THE TASK
With pictures left out, please repeat word for word the lines from the one containing "- Wu, L.; Jin, Z.;" through the end of the records.

AVAILABLE DATA

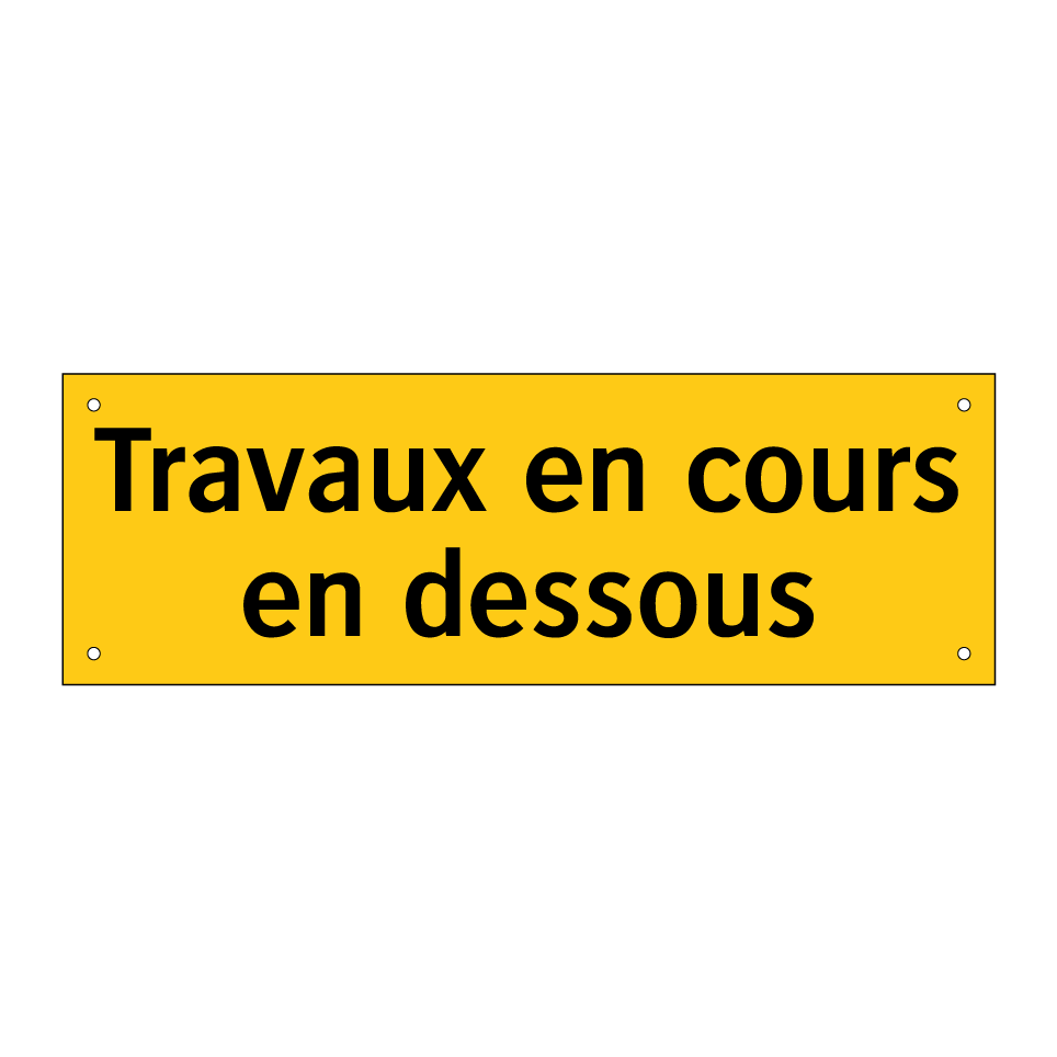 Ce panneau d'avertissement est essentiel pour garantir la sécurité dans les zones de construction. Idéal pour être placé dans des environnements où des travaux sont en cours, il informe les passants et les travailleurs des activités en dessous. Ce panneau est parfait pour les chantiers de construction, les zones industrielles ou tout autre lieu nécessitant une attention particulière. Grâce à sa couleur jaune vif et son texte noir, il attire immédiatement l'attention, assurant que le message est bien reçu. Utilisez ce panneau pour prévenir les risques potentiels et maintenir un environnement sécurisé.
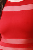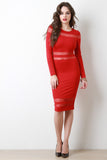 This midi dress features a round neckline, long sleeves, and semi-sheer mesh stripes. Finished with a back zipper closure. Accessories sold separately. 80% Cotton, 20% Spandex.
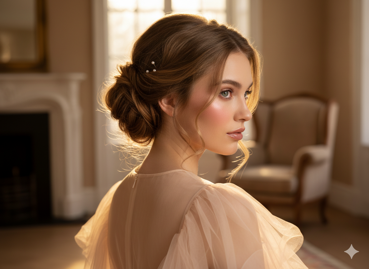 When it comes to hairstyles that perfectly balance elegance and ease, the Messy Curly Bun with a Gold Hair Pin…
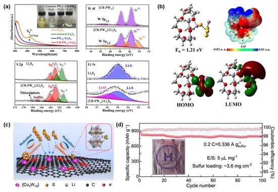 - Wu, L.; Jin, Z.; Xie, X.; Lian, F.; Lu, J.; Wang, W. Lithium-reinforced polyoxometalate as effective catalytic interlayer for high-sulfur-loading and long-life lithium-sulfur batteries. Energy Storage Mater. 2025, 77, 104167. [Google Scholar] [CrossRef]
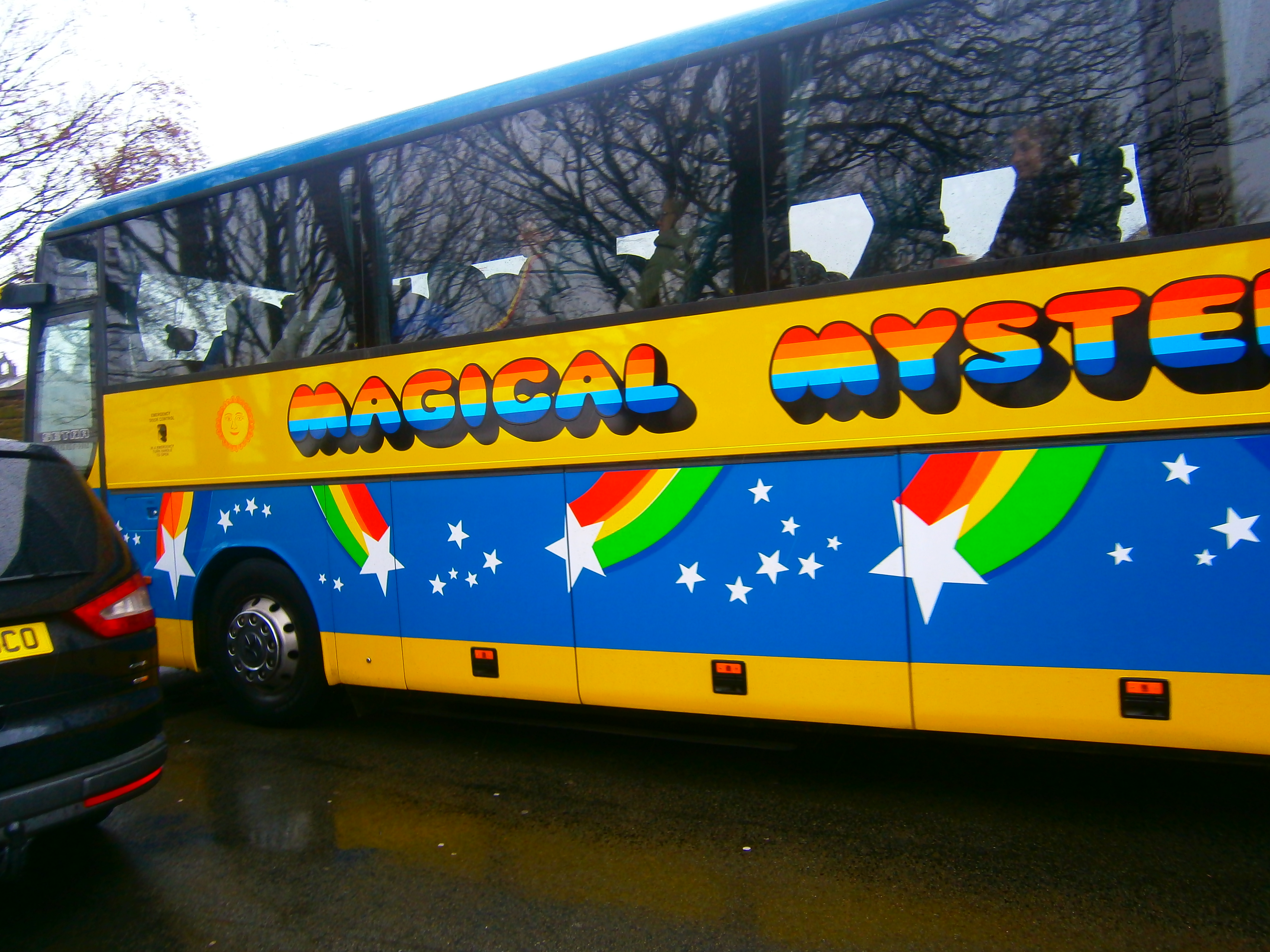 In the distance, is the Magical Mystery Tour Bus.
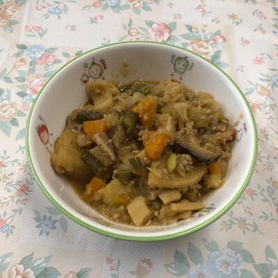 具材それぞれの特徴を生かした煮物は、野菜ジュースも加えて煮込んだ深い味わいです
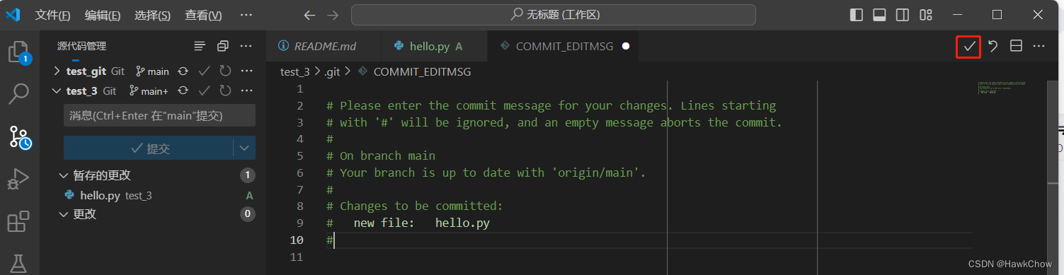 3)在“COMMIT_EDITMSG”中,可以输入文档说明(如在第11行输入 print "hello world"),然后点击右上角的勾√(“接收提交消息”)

PROBLEM SOLUTION
 - Wu, L.; Jin, Z.; Xie, X.; Lian, F.; Lu, J.; Wang, W. Lithium-reinforced polyoxometalate as effective catalytic interlayer for high-sulfur-loading and long-life lithium-sulfur batteries. Energy Storage Mater. 2025, 77, 104167. [Google Scholar] [CrossRef]
 In the distance, is the Magical Mystery Tour Bus.
 具材それぞれの特徴を生かした煮物は、野菜ジュースも加えて煮込んだ深い味わいです
 3)在“COMMIT_EDITMSG”中,可以输入文档说明(如在第11行输入 print "hello world"),然后点击右上角的勾√(“接收提交消息”)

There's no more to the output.